The way coverage and segmental duplications are displayed in the GPB frontend is configured in a JSON file the path to which is stored in the GENERAL_SETTINGS environment variable; see gpbuilder/resources/example_settings.json for an example. The configurable parameters are:

  • coverage: Regions to include in the calculation of a gene's average coverage.

    Subkey Explanation Values
    slop.upstream / slop.downstream Number of bps to include upstream/downstream of exons [integer]
    use_cds_if_available If set to true, only coding regions (i.e. not UTRs) of protein coding genes are taken into account. [Note: this has no effect on non-coding genes.] true/false
  • d4: D4 files paths and thresholds for computing coverage and segmental duplications statistics.

    Subkey Explanation Values
    [file] Short name of d4 file [string]
    [file].long_name Long name of d4 file [string]
    [file].path Path to d4 file [string]
    [file].threshold Threshold for inclusion of a bp in the calculation of a gene's average sequencing coverage or segmental duplication overlap * [integer 0-100]

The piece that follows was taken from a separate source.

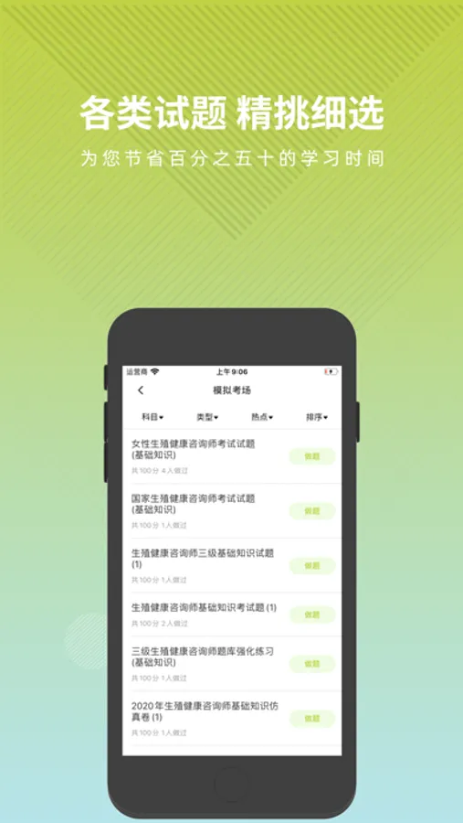 生殖健康咨询师题库APP有模拟考场、历年真题练习、快速练习、考点练习、做题记录等多种学习与做题模式、丰富多样化的陪你一起考生殖健康咨询师考试。
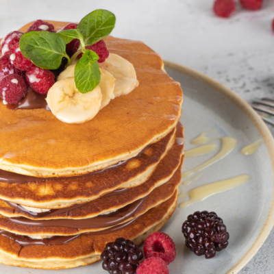 Положить панкейк на тарелку, смазать его шоколадной пастой, поверх выложить дольки банана и также повторить с каждым.

    * Notes on thresholds:

    • For coverage, this is the minimum number of reads to count a bp as covered; this should usually be set in the lower range, e.g. 10-20.
    • For segmental duplications, this is the minimum degree of homology at a bp to count it as covered by a segmental duplication. Reasonable values here would be in the range 90-100 (meaning 90%-100% homology; homology below 90% does not result in a region being designated as a segmental duplication by UCSC).